Monday, Jul. 14, 1952
End of the Zammdars
Some 12 million Indians last week celebrated an independence day of their own with laughter and tears, street parades, community sings and free candy for the kids. In the state of Uttar Pradesh it was Deliverance Day, the day that marked the end of zamindari, a system of tax collecting which has held most of India's plain people in thrall since the Middle Ages.
Originally, the Indian zamindar (land agent) was a creature of the Turks, who ruled India in the 13th century. His function was simply to skim off a fat slice (often 50%) of the peasant soil-tiller's earnings, keep a cut for himself, and turn the rest over to his superior on the feudal ladder. Under the Moguls, who followed the Turks, India's peasants were systematically exploited but rarely dispossessed.
Unconcerned. Then came Britain's merchant conquerors. The squires of the East India Co. kicked out the petty princelings and chieftains of the earlier regimes, and appointed their own zamindars from a hodgepodge of ex-rulers, bandits and local opportunists. Their only duty was to pay a fixed revenue each year to the new government. What they collected from the peasants or how they collected it was of no concern to the British. The zamindar imposed taxes at will--to pay for his daughter's wedding, his wife's funeral, his son's birth. If a peasant objected to levies as high as 80% or 90% on his crops, the zamindar could seize his land (or his daughter) in payment. The zamindars gradually became the landholders, the peasants mere sharecroppers. "The most creditable products of zamindari," wrote the London Economist, "have been Rabindranath Tagore, the poet, Liaquat Ali Khan, the Prime Minister, and the Maharaj Kumar of Vizianagram, the cricketer . . . The majority have been as vicious as Thackeray's Lord Steyne, as idle as Jane Austen's Mr. Bennett, and as drunken as a Surtees squire."

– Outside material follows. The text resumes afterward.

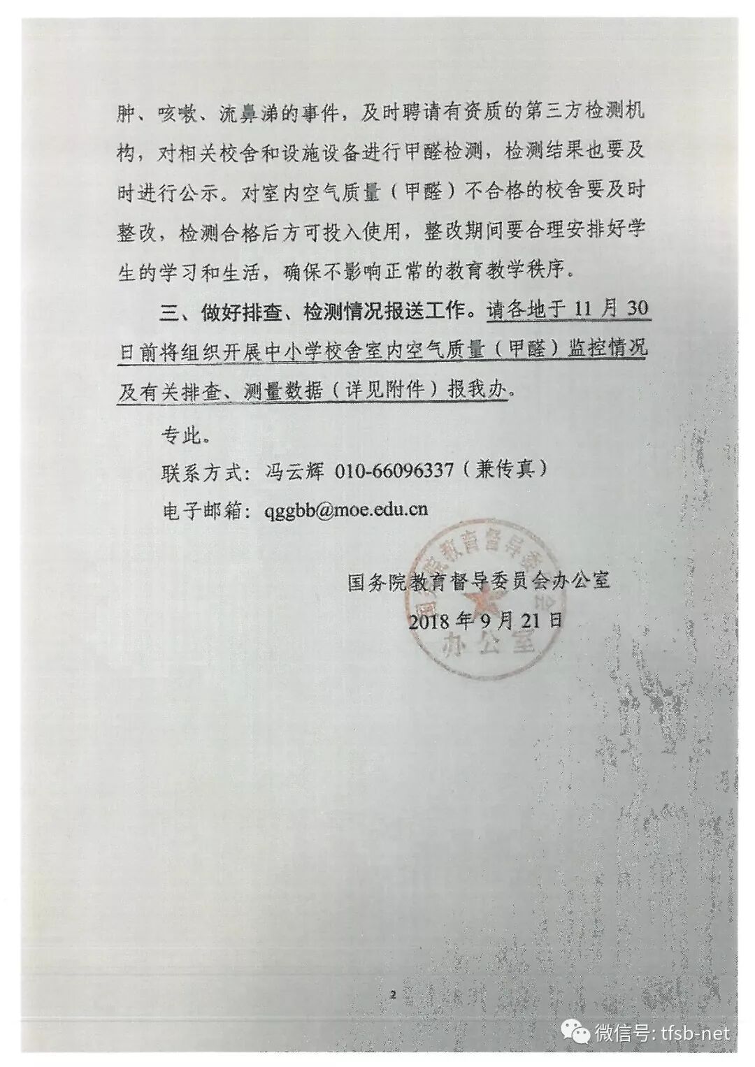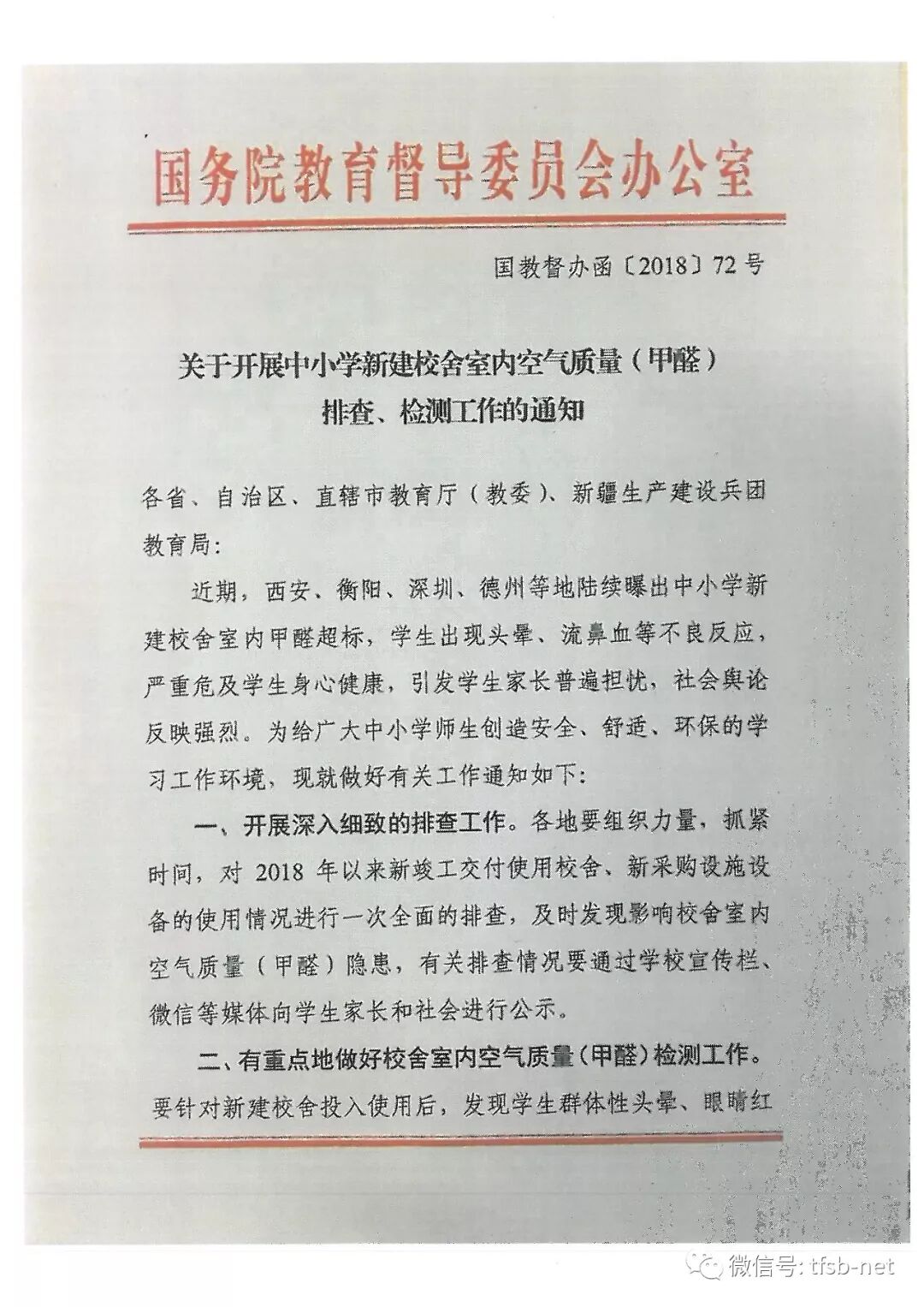 各地要对新建校舍进行全面排查,对于可能存在室内空气质量安全隐患的校舍,要聘请有资质的第三方检测机构进行检测;对于发现有学生群体性头晕、眼睛红肿、咳嗽、流鼻涕等异常情况的学校和区域,要第一时间向有关部门报告,并及时疏散学生,开展空气质量检测。各地排查、检测工作原则上在11月中旬完成(以检测机构出具检测报告的时间为准。

Unconstitutional. For 30 years the Congress Party of Prime Minister Nehru has cried for the abolition of zamindari, but India's constitution leaves land reform to the individual states. For five, the powerful zamindars themselves fought a bill to outlaw their kind in Uttar Pradesh, largest in population of the 28 states. Last year the bill was passed, and the zamindars hired the best lawyers they could find to prove it unconstitutional. Led by Nehru, India's parliament amended the constitution against the zamindars. The Supreme Court upheld Nehru. Last week Uttar Pradesh's law came into force.
Uttar Pradesh's 12 million peasants will henceforth pay taxes direct to the government. They may no longer be evicted from the land they till, even though a zamindar claims it. Those willing to pay ten years of taxes in advance will be granted full ownership of their plots, including the right to sell. Meanwhile, the 2,000,000-odd dispossessed zamindars of Uttar Pradesh, many of them only small holders themselves, will be paid for their lost lands at a rate eight times the land's annual tax value.
"I congratulate you on the abolition of the system," Prime Minister Nehru told 50,000 peasants of his native Uttar Pradesh last week. "At last," said one of the cheering crowd who heard him at Modinagar, "I can walk erect."